In a New Delhi village where a staggering 85 percent of women are victims of sex trafficking, the Najafgarh Community Centre is imprinted with the sign of Venus, the symbol for the female gender and for the anti-trafficking organization “Apne Aap Women Worldwide.” On its website, Apne Aap says it runs the Najafgarh Community Centre for the empowerment of women and children, a claim that it makes to donors worldwide. Unfortunately, the striking symbol and the large letters etched below it spelling out “Apne Aap” seem to be the organization’s only mark on the village.
We learned all this when we arrived in Najafgarh this summer with a bold idea to help the villagers transform their situation. After reading about Apne Aap and corresponding with its founder, Ruchira Gupta, we raised $20,000 to fund a vocational training program that would teach the women to sew and provide a sustainable job option as an alternative to prostitution. After an initial $12,000 donation, we received monthly reports from Apne Aap listing names of women and children involved in programs at the Community Centre. Yet we also received desperate e-mails from the community coordinator complaining that Apne Aap was not allocating money appropriately. But in light of the international accolades the organization had been receiving for its efforts to help female sex workers, we were loath to think our $12,000 contribution had been misused, much less that the reports Apne Aap was sending us were blatant misrepresentations. Instead, we hoped this project would allay our exasperation with the sexism and inefficiency we had witnessed on previous visits to the country of our heritage.

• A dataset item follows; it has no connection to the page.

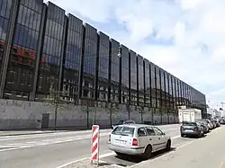 In 1961, an architectural competition was announced for a new building for Nationalbank, which was won by Arne Jacobsen. As the bank had to be in operation throughout the construction period, the construction had to be done in stages. It started in the north in 1964, where, among other things, the Hotel Kongen af Danmark was demolished. The rest of the southern side of Niels Juels Gade was also gradually cleared, including the Schultz Forlag sbuilding in no. 10–12, which they had built in 1872. The combined Nationalbank was completed in 1978. Along Niels Juels Gade is the five-storey main building with a plinth wall in Norwegian marble on the ground floor and dark-tinted glass on the other floors, like the houses on the other side of the street is reflected in. Inside the main building, there are two light gardens with roof gardens on top of the ground floor, so that daylight can enter the building. On the other hand, there are no doors on this side of the building, as the main entrance is on Havnegade. On the other hand, there are a number of trees along the bank on Niels Juels Gade.[6][7]
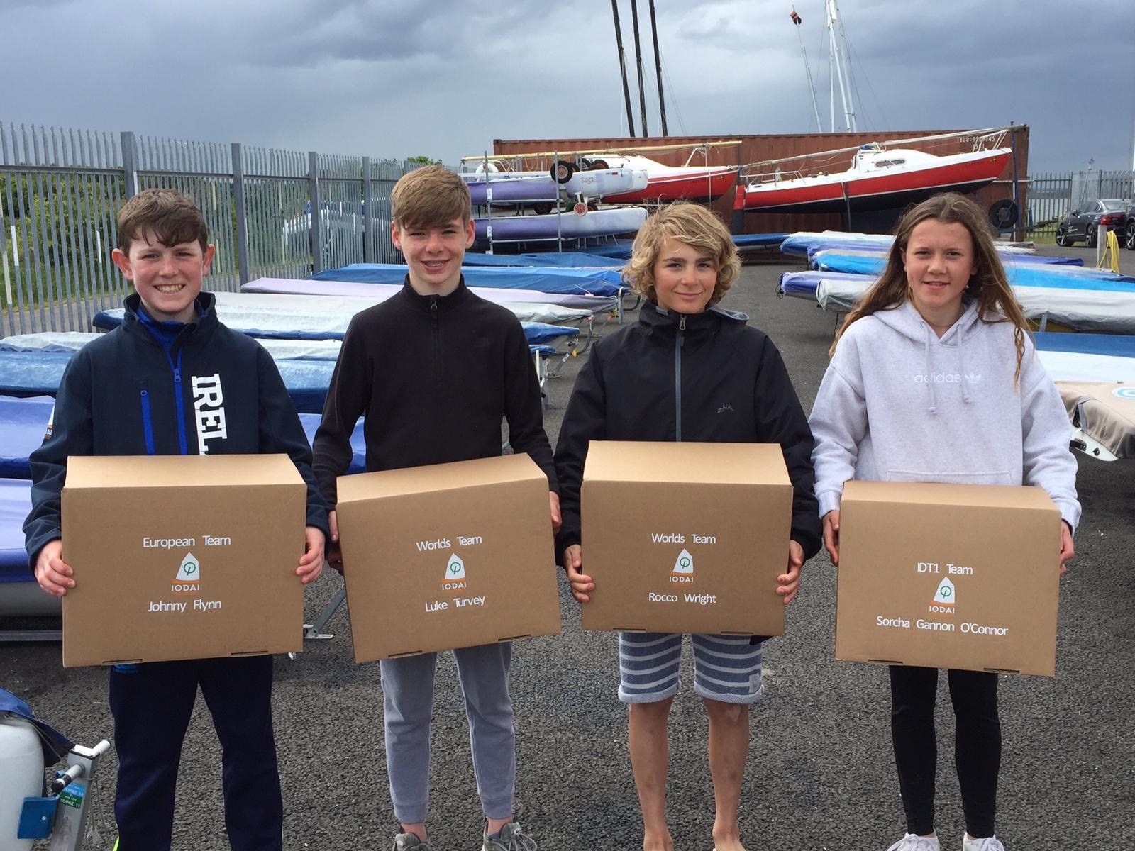 JOHNY, LUKE, ROCCO AND SORCHA WITH THEIR IRISH PACKS (Some of the Howth sailors that made IODAI teams were also presented with their international gear at the event and we wish them good luck in the Europeans, Worlds and IDT1 events.)

Our quixotism was shattered when we finally visited Najafgarh. The “Community Centre” that Apne Aap claims to run is a dank two-room building accompanied by a weathered eight-feet-wide by 10-feet-wide rug placed on the dirt where the children sit. More than half of the children do not attend school, and the informal education “class” for the children has no teacher or curriculum; instead, the kids sprawl themselves on the rug, drawing on slate boards and occasionally chucking pieces of chalk. The vocational training program is a daily sewing lesson taught by a 15-year-old village girl to five of her peers, instead of to the 19 girls and women Apne Aap claimed were attending. The women are completely disillusioned and continue to work in the sex trade. Indeed, after spending several weeks working in Najafgarh, we found that Apne Aap had nearly no presence there, apart from a few foreign interns it sporadically stationed there to “teach English.” Devastated by this farce of an initiative, we contacted the organization to ascertain the fate of our donation. After applying significant pressure upon the organization, we were granted a meeting with the founder, who offered to return $4,000, an offer that remains unfulfilled.
As a result of this experience, we returned to college profoundly disillusioned and mistrustful of NGOs. Apne Aap continues to be recognized as a success in the social-change space; in September, its founder, Ruchira Gupta, was invited to speak at the Clinton Global Initiative Annual Meeting. The misrepresentation of Apne Aap's work is extremely deceitful to donors, because they may come away with a false understanding of how their contributions are used. Moreover, such misleading assertions will continue to set back true progress in Najafgarh, whose reality as a struggling village with extremely poor infrastructural resources is masked by false assertions of impact.
We deeply lament the lack of transparency and integrity in an organization that the social-change community has held in such high regard. Moreover, we fear that this may not be an isolated case. During our time in Najafgarh, we interacted with two other non-profit organizations of questionable efficacy.
Yet to solely blame these sorts of situations on the organization would be to vindicate ourselves from our own burden as donors. Nathaniel Whittemore, founder of AssetMap, recently highlighted that donors tend not to follow or care about the actual impact of an organization. This must change. If they are truly dedicated to creating positive impact, every funding body, grant maker, and donor has an obligation to critically evaluate and seek to understand the social value of any type of donation.
We can no longer subsist on deceit or misrepresentation. At all levels, we need to engage in greater dialogue about what “impact” means, and we need to recognize and not be afraid to discuss failure, while simultaneously working to maximize success. We must focus on honesty, integrity, and transparency if we hope to effect meaningful change.
Despite our experiences this past summer, we are slowly regaining faith in the ability of people to do good. We still believe in the possibility of impact. Nonetheless, in this day and age, a commitment to an ideal of change is not enough. We need follow-through.
Niharika S. Jain ’12 and Tara Suri ’13 are undergraduates at Harvard University. Along with Madeleine E. Smith ’13, they co-founded The Stoplight Project to empower sex-trafficking victims in New Delhi.